You might hear the term from time to time, "did you put money in your 401k this year?". "Did you max out your IRA?". Maybe you've never heard of these terms. Maybe your employer doesn't even offer you a 401k. For that reason, you absolutely should read up on what they mean!

In the United States, we pay something called "capital gains tax" on investments. Selling stocks, houses, and crypto is typically taxed at 15%. (but you have to own it for at least a year, if you sell within a year, its taxed as if its regular income).

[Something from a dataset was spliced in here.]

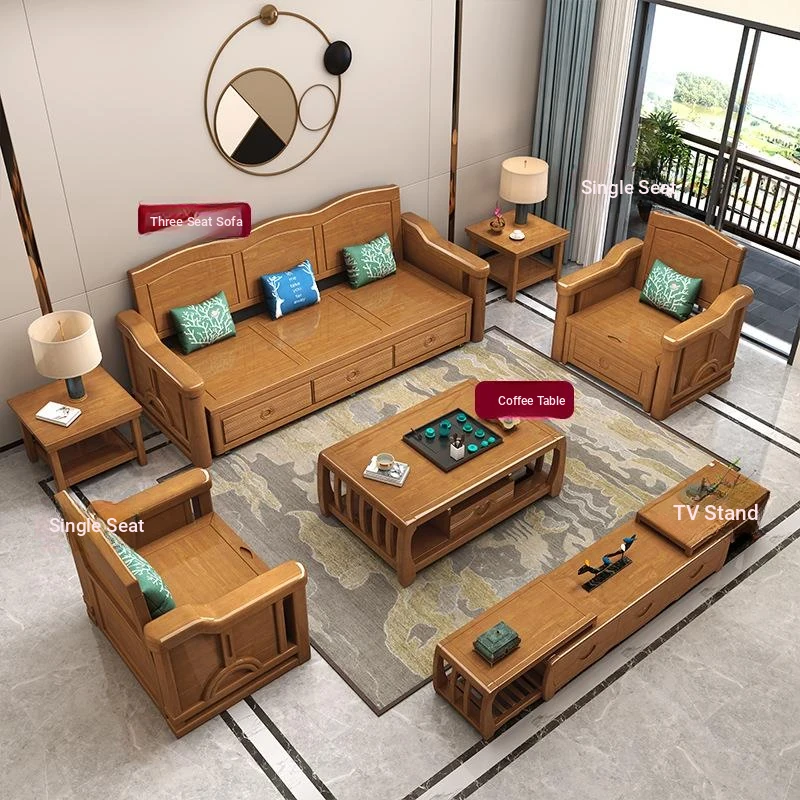 Modern Chinese Minimalist Solid Wood Sofa Set for Living Room - Perfect for Small Spaces, Corner Design, Stylish and Functional Furniture

What makes retirement accounts special is that you don't have to pay capital gains tax. The downside is you generally can't access this money until you are 59 1/2 years old. The 401k can be especially good because many employers match a part of what you put into the 401k (they'll say something like "we will add $1 for every $1 you contribute, until it hits 1% of your income. So if you make 100,000k a year, you need to contribute $1,000 dollars and then they'll add $1,000. This is money you have to take advantage of and consider with your job offers!)

The government encourages this because they don't want you to be poor when you are old. Social Security will not be enough for most old people, it should be thought of as a backup plan so you aren't completely starving. You should start when you are young. If you put in $5,000 dollars in when you are 25, the day you turn 65 that money will be worth $33,523, assuming a modest 5% a year of gains! So lets recap

  1. If your employer offers 401k matching, make sure you contribute the minimum to get that money.
  2. It might not make sense to put a whole lot of money in here, but try to stash away a little each year, you'll be grateful in the future.

Traditional Vs. Roth

Now comes the hard part! You have the option on making your contributions either Traditional or Roth. These accounts are tax advantaged because you don't pay capital gains on them, but you still have to pay income tax on the money you make! You just have the option of getting taxed now on the income, or getting taxed later.

Lets say you make $60,000 a year. The tax rate for income between $48,476 to $103,350 is 22%. So if you put $10,000 into a traditional 401k, your taxable income drops to $50,000 a year, and your tax bill for 2025 is reduced by $2200 a year.

 

To explain this write out the equation [(1 - tax rate)*income] * [(1 + return rate)^ years] show you can re arrange to income * [(1 + return rate)^ years] * [(1 - tax rate)] and it equal the same thing. And since its equal the same thing if you tax it later, it also means if you tax now, then have capital gains tax, thats still worse than taxing the whole thing with gains after 20 years.